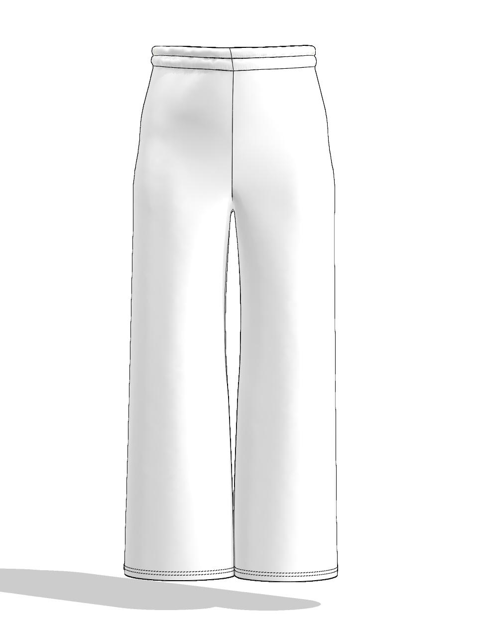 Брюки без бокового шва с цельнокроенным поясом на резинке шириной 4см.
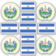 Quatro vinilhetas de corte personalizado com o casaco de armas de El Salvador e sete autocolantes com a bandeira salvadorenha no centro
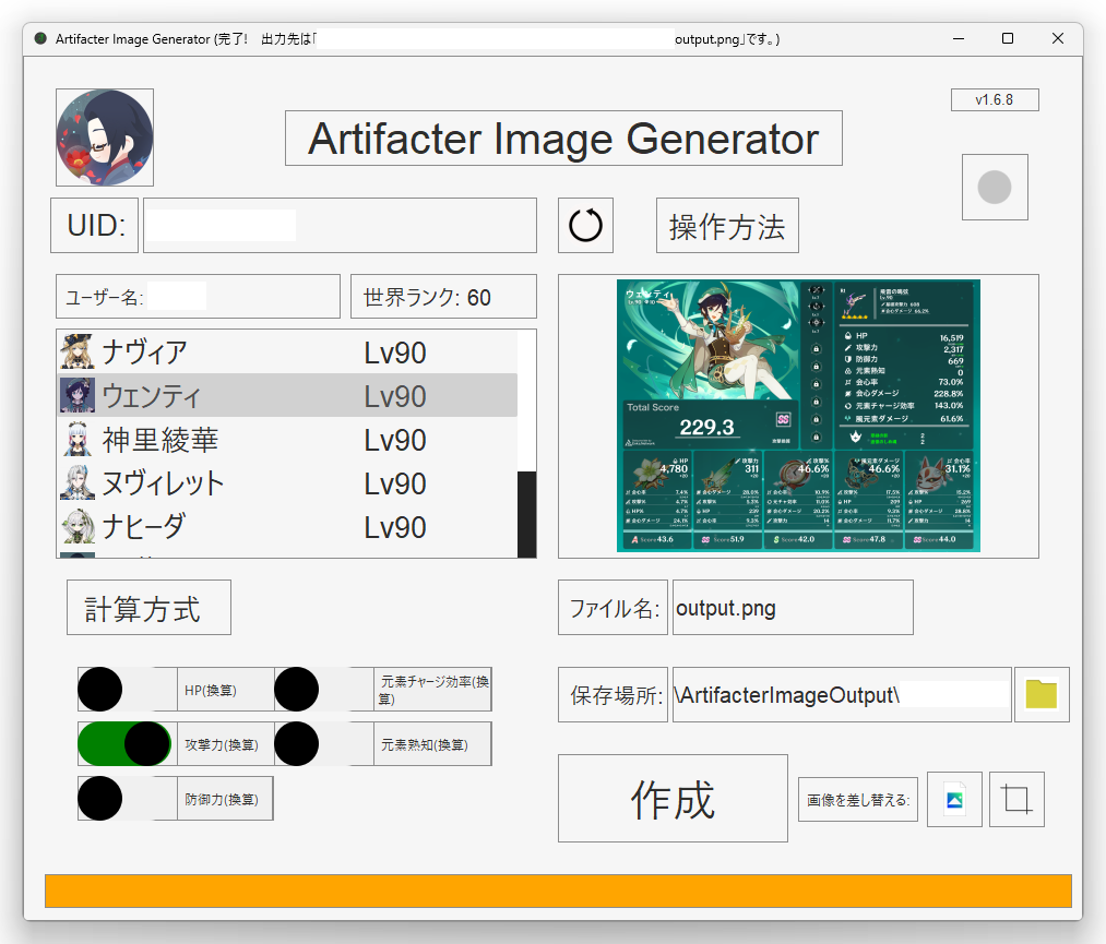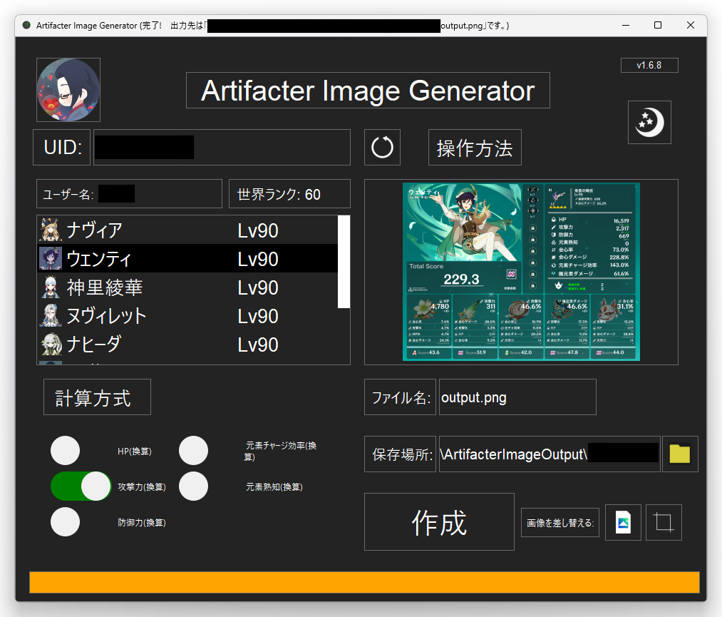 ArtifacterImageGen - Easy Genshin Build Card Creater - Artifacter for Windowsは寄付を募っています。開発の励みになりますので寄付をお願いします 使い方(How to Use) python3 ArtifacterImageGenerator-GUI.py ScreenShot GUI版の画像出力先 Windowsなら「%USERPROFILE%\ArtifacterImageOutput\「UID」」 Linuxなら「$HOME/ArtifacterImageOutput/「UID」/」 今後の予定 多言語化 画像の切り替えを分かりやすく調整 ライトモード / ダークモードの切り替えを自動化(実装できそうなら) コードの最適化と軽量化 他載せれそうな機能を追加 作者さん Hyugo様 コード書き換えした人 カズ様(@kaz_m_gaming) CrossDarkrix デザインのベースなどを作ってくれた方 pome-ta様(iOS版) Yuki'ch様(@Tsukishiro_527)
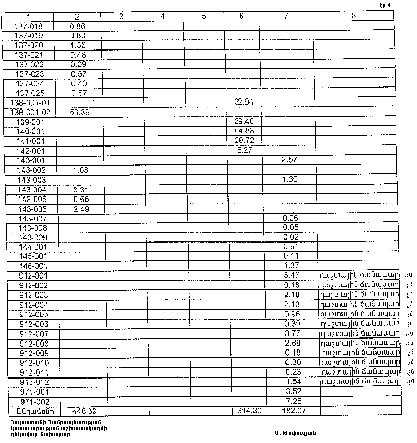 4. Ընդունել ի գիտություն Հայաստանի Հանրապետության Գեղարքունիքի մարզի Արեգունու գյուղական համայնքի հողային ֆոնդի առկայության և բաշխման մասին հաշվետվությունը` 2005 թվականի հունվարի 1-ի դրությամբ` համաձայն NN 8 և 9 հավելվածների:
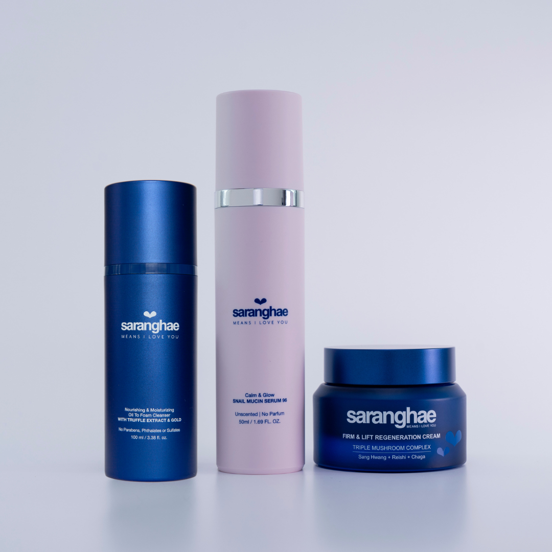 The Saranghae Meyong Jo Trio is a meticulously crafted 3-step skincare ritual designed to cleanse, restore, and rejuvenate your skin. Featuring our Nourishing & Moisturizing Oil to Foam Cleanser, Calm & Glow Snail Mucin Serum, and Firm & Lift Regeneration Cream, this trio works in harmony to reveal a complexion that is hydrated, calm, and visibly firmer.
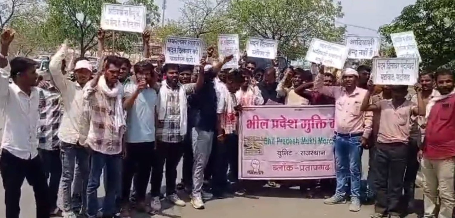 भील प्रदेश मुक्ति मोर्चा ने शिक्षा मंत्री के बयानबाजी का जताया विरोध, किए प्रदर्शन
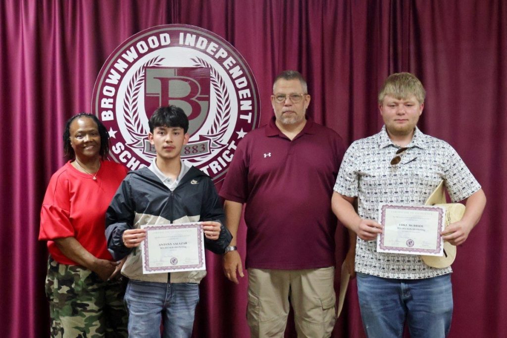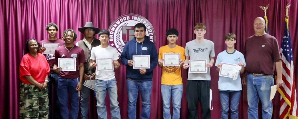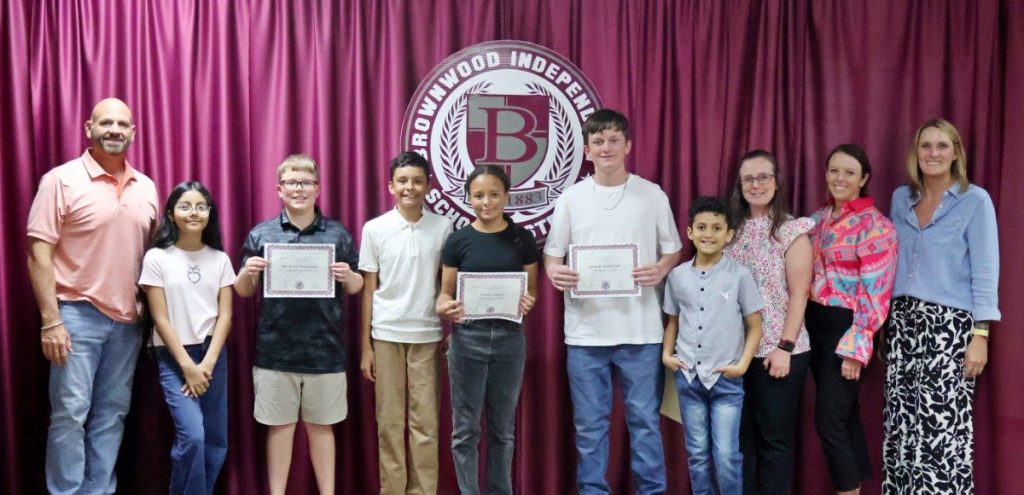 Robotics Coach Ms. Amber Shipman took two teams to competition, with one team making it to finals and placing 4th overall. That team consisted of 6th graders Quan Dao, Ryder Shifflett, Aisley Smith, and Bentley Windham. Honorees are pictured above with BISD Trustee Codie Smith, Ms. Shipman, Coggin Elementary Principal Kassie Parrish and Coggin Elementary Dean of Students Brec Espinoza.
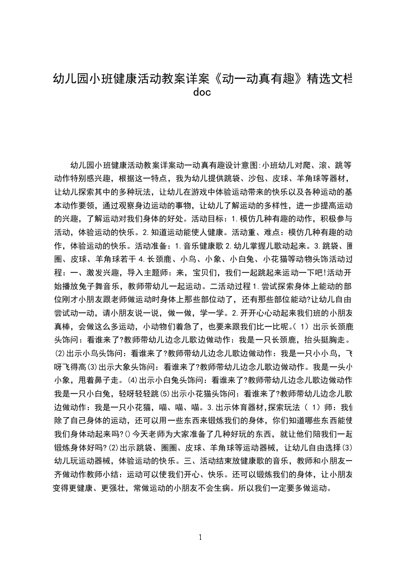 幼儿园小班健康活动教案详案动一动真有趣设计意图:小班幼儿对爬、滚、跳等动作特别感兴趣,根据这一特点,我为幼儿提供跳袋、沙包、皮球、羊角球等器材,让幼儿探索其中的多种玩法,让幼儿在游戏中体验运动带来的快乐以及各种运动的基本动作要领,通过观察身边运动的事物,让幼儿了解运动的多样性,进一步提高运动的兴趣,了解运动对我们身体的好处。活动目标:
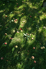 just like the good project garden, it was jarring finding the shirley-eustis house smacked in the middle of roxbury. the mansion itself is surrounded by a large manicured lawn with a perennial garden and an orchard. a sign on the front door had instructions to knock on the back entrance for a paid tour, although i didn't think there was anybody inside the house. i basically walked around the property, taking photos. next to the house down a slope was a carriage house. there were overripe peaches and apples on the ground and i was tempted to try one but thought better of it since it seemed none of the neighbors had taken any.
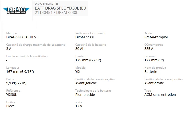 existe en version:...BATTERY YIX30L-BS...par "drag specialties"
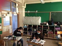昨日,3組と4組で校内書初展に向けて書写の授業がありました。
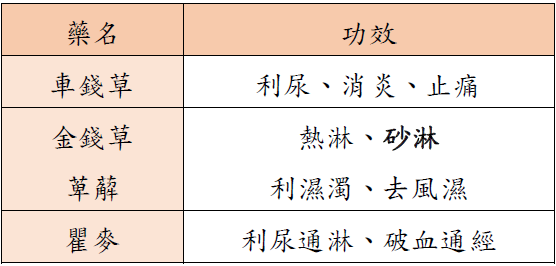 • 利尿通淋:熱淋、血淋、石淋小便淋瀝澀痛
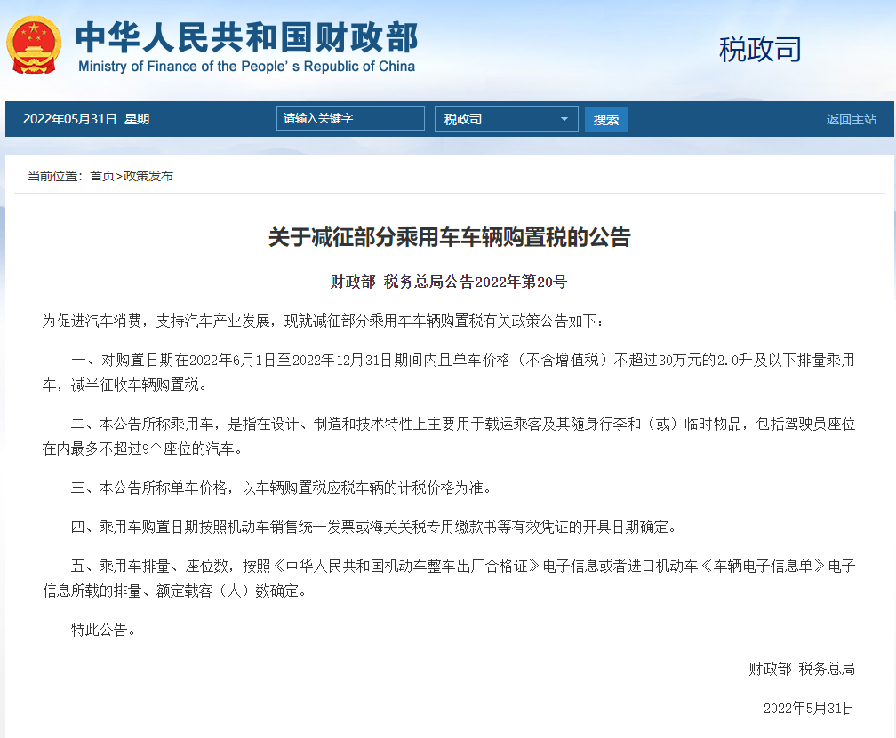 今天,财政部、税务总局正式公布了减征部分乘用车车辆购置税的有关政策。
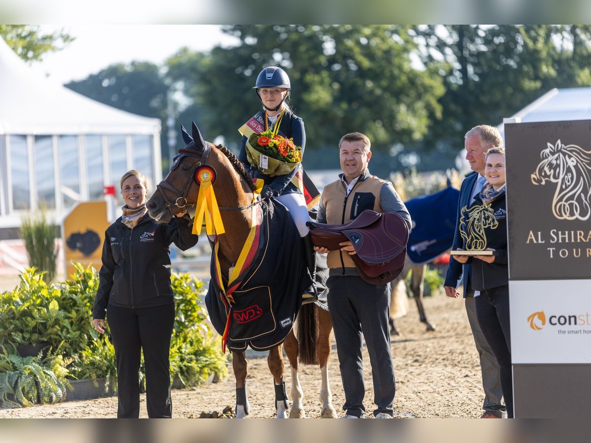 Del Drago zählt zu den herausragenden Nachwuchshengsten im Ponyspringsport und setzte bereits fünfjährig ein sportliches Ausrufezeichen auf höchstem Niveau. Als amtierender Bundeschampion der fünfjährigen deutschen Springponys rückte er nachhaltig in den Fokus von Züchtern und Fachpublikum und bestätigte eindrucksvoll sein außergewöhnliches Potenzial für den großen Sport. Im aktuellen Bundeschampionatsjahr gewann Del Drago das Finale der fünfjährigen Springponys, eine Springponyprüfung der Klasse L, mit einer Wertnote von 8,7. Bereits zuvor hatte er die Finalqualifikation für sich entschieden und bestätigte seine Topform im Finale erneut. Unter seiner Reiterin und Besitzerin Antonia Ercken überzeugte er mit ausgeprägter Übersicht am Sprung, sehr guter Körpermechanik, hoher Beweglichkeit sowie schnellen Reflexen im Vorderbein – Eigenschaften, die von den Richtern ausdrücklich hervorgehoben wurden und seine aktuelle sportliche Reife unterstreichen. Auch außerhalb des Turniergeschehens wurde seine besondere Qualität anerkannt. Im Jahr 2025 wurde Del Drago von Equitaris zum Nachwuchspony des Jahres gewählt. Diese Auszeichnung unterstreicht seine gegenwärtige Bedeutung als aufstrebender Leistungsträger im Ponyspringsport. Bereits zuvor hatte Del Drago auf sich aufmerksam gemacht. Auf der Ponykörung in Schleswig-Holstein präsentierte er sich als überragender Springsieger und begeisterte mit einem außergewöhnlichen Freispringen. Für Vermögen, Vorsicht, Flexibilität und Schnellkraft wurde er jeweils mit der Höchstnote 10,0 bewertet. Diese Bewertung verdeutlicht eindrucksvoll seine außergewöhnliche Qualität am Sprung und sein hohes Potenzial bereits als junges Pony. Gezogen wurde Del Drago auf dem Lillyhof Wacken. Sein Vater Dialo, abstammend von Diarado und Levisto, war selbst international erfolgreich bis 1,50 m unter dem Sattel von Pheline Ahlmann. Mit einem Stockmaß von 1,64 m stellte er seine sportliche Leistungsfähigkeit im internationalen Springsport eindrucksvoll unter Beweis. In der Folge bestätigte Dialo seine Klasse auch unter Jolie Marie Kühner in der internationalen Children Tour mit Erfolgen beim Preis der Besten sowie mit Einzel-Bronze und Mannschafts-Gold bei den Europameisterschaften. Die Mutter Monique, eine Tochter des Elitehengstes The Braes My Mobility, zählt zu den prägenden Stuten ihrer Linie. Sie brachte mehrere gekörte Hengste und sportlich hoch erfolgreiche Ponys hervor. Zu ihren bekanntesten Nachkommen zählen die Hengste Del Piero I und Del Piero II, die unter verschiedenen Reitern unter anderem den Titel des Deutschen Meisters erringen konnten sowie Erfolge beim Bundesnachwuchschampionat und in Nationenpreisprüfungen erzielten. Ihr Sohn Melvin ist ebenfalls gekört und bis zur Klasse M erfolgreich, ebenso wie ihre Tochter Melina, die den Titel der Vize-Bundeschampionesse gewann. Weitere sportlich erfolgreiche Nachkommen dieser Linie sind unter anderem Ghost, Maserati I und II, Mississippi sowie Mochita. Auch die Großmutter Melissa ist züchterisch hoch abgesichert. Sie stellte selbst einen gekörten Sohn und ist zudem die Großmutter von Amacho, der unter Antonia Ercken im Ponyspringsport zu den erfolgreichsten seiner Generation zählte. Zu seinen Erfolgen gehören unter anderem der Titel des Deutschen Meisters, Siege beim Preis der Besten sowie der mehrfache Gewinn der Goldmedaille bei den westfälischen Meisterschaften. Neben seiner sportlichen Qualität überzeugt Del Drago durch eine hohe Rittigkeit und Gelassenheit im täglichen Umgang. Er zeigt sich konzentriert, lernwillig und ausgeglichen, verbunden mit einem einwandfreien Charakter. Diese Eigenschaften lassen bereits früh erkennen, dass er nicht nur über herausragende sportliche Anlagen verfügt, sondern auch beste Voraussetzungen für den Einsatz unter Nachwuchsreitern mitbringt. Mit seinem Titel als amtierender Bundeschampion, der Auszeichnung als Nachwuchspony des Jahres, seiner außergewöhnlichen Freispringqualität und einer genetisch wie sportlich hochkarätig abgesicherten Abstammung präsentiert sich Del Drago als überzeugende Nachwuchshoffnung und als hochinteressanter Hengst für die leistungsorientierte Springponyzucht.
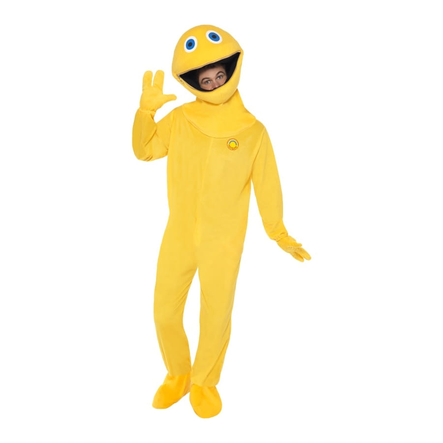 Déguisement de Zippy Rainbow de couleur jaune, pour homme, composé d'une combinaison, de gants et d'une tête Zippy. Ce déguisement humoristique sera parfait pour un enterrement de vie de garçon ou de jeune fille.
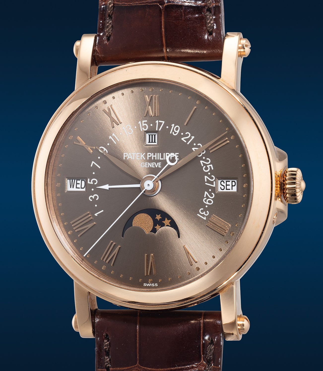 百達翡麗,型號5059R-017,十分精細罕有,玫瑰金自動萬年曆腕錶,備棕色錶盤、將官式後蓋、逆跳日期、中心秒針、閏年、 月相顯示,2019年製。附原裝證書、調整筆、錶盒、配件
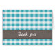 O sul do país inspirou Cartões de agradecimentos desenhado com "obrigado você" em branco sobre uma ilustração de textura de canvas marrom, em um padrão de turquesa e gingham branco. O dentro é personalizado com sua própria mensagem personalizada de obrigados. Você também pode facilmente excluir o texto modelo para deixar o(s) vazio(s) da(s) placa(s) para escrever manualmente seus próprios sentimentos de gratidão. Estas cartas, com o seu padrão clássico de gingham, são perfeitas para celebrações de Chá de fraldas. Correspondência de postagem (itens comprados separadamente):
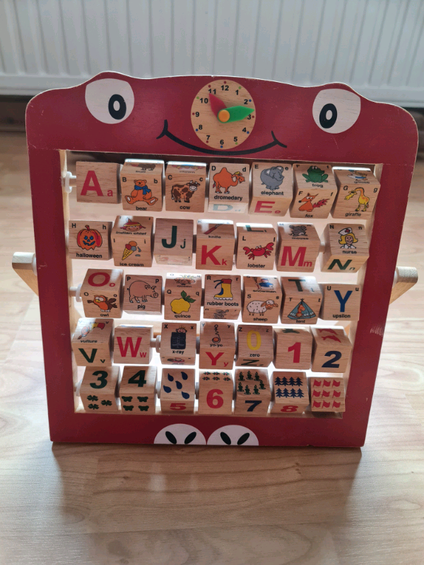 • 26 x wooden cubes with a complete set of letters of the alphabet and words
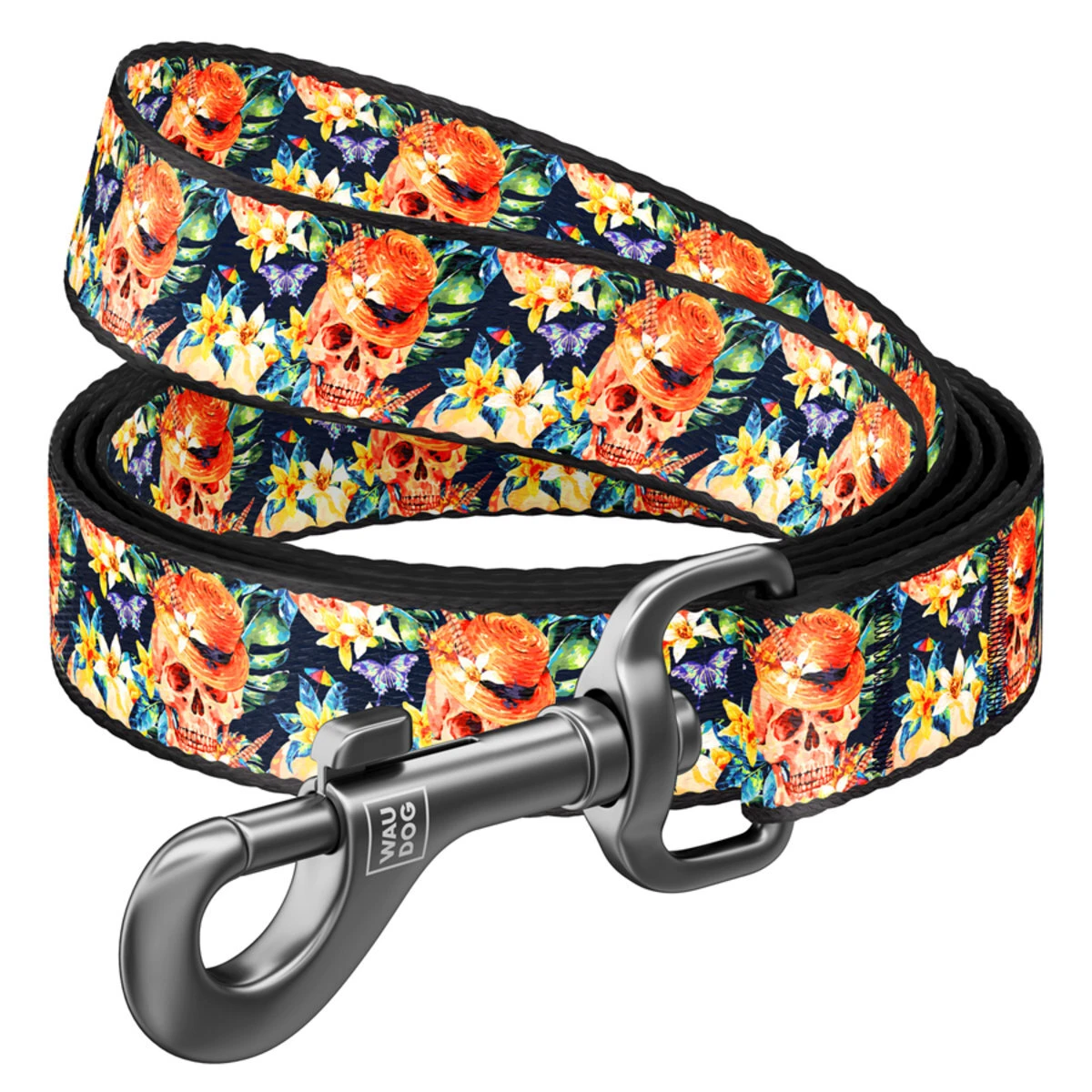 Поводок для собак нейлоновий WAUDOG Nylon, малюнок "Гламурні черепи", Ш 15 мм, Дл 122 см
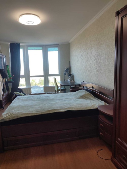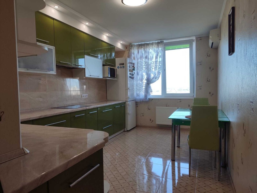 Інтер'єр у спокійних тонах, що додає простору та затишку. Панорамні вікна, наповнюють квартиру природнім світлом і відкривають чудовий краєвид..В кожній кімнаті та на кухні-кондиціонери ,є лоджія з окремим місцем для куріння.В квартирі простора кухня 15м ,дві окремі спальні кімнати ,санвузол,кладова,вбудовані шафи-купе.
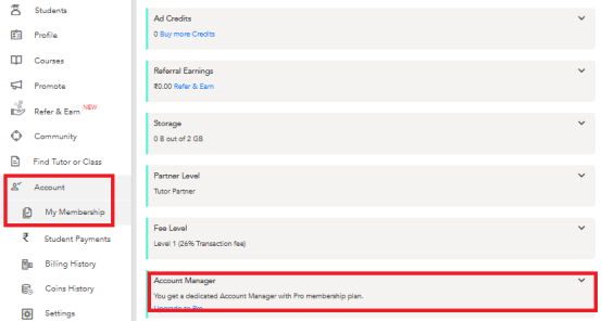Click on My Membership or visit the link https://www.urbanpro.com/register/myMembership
========================================================================
Aim of the exercise: Nothing but the lines from the one with "existe en version:...BATTERY" up to and including the one with "今天,财政部、税务总局正式公布了减征部分乘用车车辆购置税的有关政策。" should be printed, exactly as they read above. Please keep the pictures out.

Answer for this exercise:
 existe en version:...BATTERY YIX30L-BS...par "drag specialties"
昨日,3組と4組で校内書初展に向けて書写の授業がありました。
 • 利尿通淋:熱淋、血淋、石淋小便淋瀝澀痛
 今天,财政部、税务总局正式公布了减征部分乘用车车辆购置税的有关政策。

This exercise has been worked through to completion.